La chambre sociale de la Cour de cassation censure l’arrêt d’appel et retient :

  • Au visa de l’article 565 du code de procédure civile, que la demande de dommages et intérêts formée devant la cour d’appel par la salariée aux fins d’indemnisation des conséquences de son licenciement pour inaptitude en raison du manquement de l’employeur à son obligation de sécurité tendait « aux mêmes fins que celle, soumise aux premiers juges, qui visait à obtenir l’indemnisation de la rupture du contrat de travail par l’employeur pour manquement à l’obligation de reclassement ». Cette demande nouvelle devait ainsi être déclarée recevable ;
  • Au visa de l’article L.1226-6 dans sa version antérieure à la loi du 8 août 2016 et de l’article L.1226-14 du code du travail, la cour d’appel aurait dû, pour justifier du refus d’accorder à la salariée l’indemnité spéciale de licenciement, rechercher par elle-même :
  • Si l’inaptitude avait au moins partiellement pour origine un accident du travail ou une maladie professionnelle et ;
  • Si l’employeur avait connaissance de cette origine au moment du licenciement

Il revient aux juges du fond, selon la chambre sociale, de procéder à cette vérification.
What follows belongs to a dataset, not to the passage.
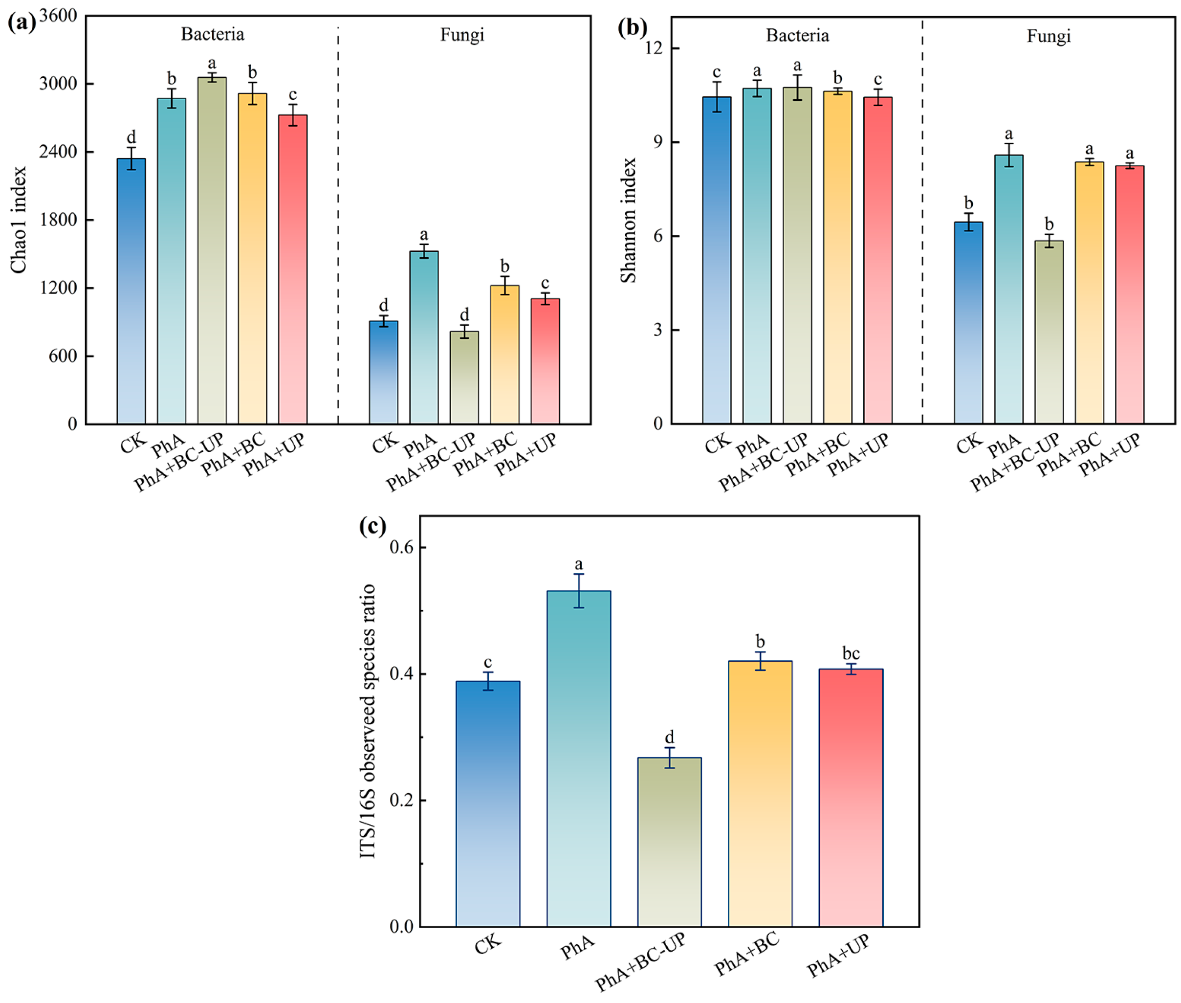 Compared to the control (CK), the PhA treatment profoundly enhanced fungal diversity, increasing the Chao1 and Shannon indices by 67.8% and 33.2% (p < 0.05) versus CK. This effect was reversed by BC-UP particles, which significantly reduced these indices by 46.4% and 31.9%, respectively, compared to PhA. PhA+BC and PhA+UP also slightly lowered fungal diversity.

Si la construction jurisprudentielle concernant les demandes nouvelles en matière sociale semble désormais achevée, il n’en est pas de même concernant l’inaptitude d’origine « partiellement » professionnelle. La Cour de cassation a ainsi rendu plusieurs arrêts du 18 septembre 2024 afin de tenter d’éclaircir la question, sans toutefois parvenir à une véritable clarification, puisque dans une autre espèce du même jour, plus contraignante voire contraire, elle a pu retenir qu’il n’est pas possible aux juges du fond, pour écarter le caractère professionnel de l’inaptitude, de remettre en cause la réalité d’un accident du travail ou d’une maladie professionnelle d’en être à l’origine dès lors que la CPAM a reconnu son existence par une décision de non remise en cause (Cass. soc., 18 sept. 2024, n° 22-22.782).